We needed to know if the data was correct or if our software was malfunctioning, so we began to check results from individual websites. The result was reassuring in that our web-scraper had correctly identified ‘open’ and ‘closed’ terms. The problem was that the same language was used to describe a wide range of events or instances. For instance, websites announced that they were ‘closed for Christmas’ or that certain part of the museum complex, such as the café or galleries were closed. ‘Open’ was used in a similar way, such as in the case of online exhibitions.  

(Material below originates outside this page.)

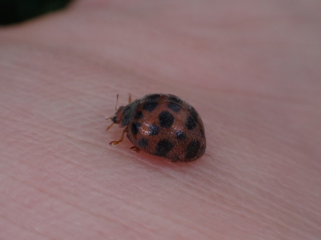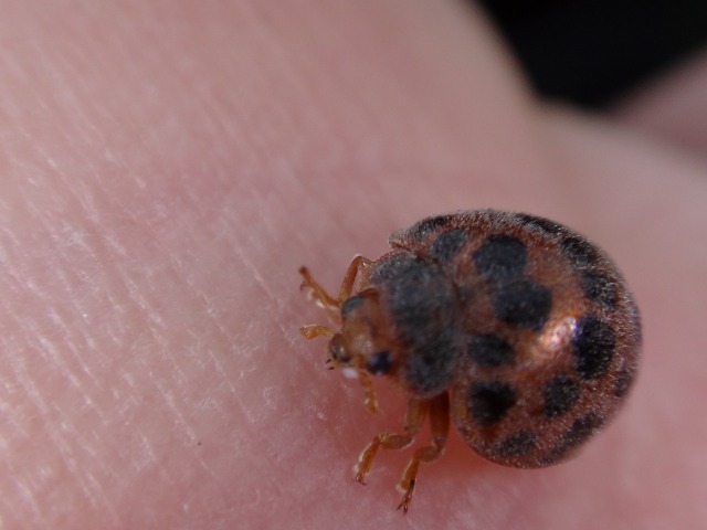 ナスの葉の上にカワイイ半球型の虫。園児に人気のテントウムシに似ていますが背中のテンテンが多いのです。ガーデナーを悩ますテントウムシダマシです。ドリカムタイムで植えたナス、ピーマン、ミニトマト全部お好きとのこと。今朝の発見は1匹でしたが葉裏にたくさん隠れていることでしょう。毎朝見回って逮捕します。まずはどんな顔つきか手のひらの上で接写しているとコロコロ転がって脱走しました。追跡不能。マ いいか。 クヌギの芽のカメムシさんも触ると臭いので、マ イイカ。

We needed to distinguish between usages of ‘closed’, and so Andrea Ballatore, our resident software expert, designed a new piece of kit. This allowed us to search and analyze specific terms in their linguistic context. We looked at a sample of 1200 museum websites as they stood in September 2021, and in 167 instances the term indicated the site was closed specifically due to the pandemic (‘The museum remains closed due to Covid-19’) and in a further 212 instances, the museum was closed for an unspecified reason although the majority of these are also likely to be due to the pandemic (‘The museum continues to be closed’; ‘We have taken the decision to remain closed during 2021’). There were 42 museums closed for refurbishment and a further 12 references to seasonal closure.  

Extrapolating from our sample, we can conservatively estimate that some 550 museums remained completely closed as of September 2021 for reasons connected to the pandemic, although it is likely that the number is likely to be higher. Beyond this, the other usages of closure we found referred to specific parts of a site (e.g. café, galleries), provided general information on opening and closing times, or less often, references to a museum’s history. That information is itself significant because it indicates that in addition to those museums that were entirely closed, many more museums were still experiencing some degree of closure. Large numbers of museums did not resume ordinary service.

In our future blogs we will be examining how those patterns of closure and re-opening varied according to museum governance and size, and presenting current data.